DATA SECTION:
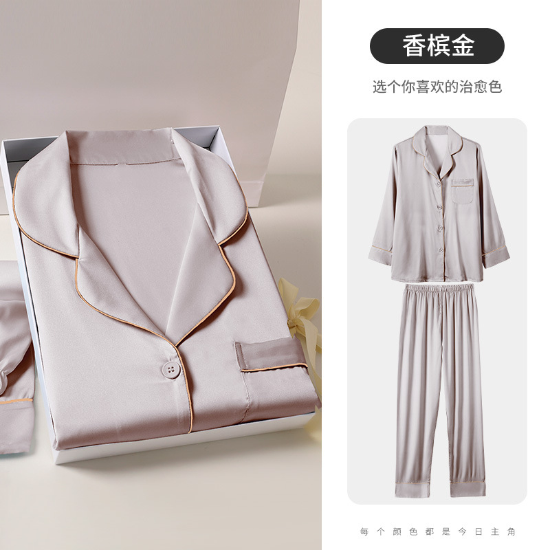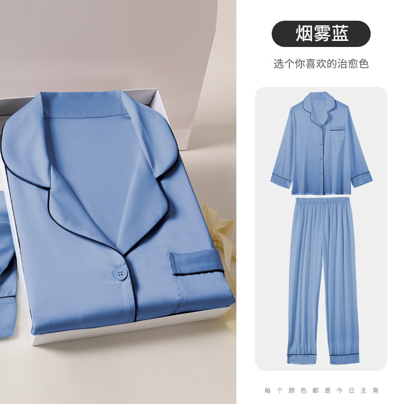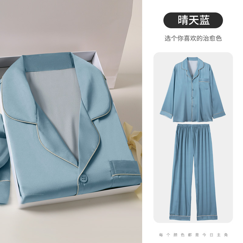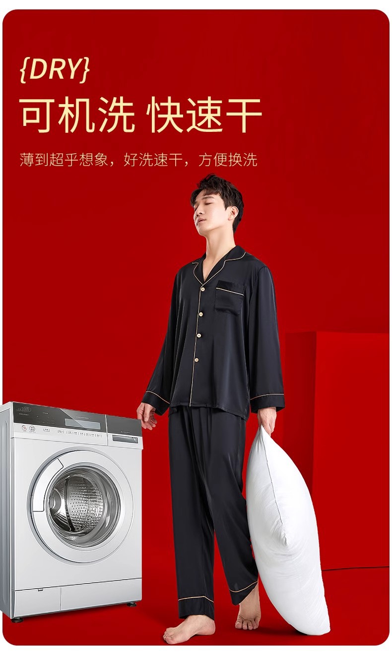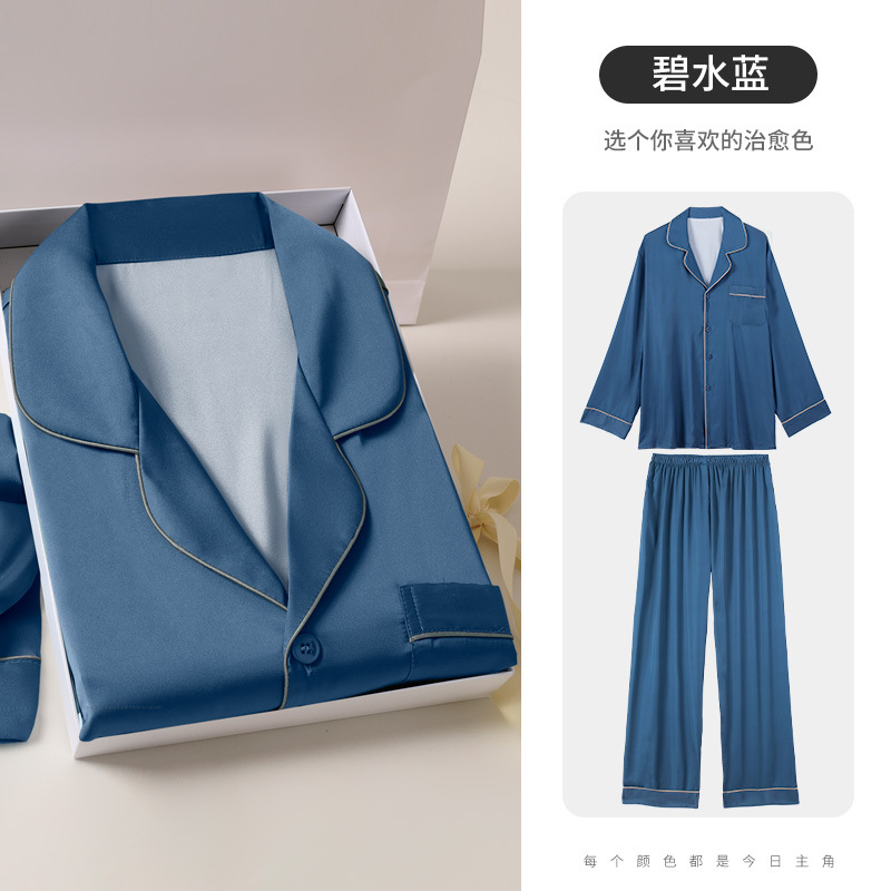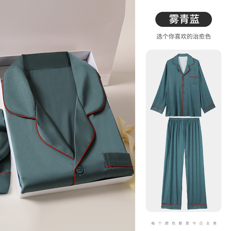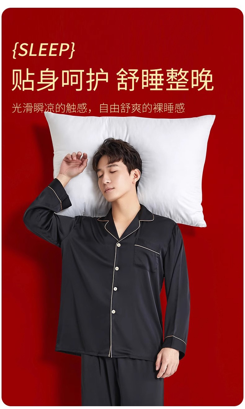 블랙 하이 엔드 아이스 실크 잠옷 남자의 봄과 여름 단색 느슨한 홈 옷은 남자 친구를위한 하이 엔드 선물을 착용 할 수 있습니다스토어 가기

---

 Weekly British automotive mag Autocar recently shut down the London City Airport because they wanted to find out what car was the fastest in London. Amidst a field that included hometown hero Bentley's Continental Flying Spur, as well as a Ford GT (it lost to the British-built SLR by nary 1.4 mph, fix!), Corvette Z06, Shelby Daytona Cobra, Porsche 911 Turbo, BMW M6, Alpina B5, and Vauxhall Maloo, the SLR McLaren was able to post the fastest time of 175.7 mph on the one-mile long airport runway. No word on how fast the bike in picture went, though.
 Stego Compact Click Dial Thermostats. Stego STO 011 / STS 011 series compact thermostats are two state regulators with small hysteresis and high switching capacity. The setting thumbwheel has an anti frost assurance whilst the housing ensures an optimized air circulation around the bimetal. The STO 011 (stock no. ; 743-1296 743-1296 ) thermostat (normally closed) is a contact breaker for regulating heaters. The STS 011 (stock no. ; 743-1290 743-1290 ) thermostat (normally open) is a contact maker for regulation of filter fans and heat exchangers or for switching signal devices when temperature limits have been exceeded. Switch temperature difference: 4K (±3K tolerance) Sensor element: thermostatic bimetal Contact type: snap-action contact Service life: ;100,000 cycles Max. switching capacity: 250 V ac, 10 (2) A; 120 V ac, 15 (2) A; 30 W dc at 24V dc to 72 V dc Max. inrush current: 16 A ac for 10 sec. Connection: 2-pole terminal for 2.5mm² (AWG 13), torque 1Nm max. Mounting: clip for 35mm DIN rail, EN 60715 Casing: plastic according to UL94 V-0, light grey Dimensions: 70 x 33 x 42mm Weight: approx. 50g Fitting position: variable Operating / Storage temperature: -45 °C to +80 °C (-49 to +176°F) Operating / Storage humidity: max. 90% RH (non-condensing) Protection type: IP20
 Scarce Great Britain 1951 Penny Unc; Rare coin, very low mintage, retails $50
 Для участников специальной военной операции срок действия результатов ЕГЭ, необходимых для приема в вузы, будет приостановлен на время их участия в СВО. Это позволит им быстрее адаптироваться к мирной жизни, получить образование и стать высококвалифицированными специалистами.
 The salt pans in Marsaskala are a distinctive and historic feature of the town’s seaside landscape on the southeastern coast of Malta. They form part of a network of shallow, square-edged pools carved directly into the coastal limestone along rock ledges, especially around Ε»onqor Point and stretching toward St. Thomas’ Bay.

ACTIVITY:
Your task is to transcribe, with no changes, only the lines of the listing above that lie between the line holding "Scarce Great Britain" and the line holding "The salt pans", inclusive.

YOUR RESPONSE:
 Scarce Great Britain 1951 Penny Unc; Rare coin, very low mintage, retails $50
 Для участников специальной военной операции срок действия результатов ЕГЭ, необходимых для приема в вузы, будет приостановлен на время их участия в СВО. Это позволит им быстрее адаптироваться к мирной жизни, получить образование и стать высококвалифицированными специалистами.
 The salt pans in Marsaskala are a distinctive and historic feature of the town’s seaside landscape on the southeastern coast of Malta. They form part of a network of shallow, square-edged pools carved directly into the coastal limestone along rock ledges, especially around Ε»onqor Point and stretching toward St. Thomas’ Bay.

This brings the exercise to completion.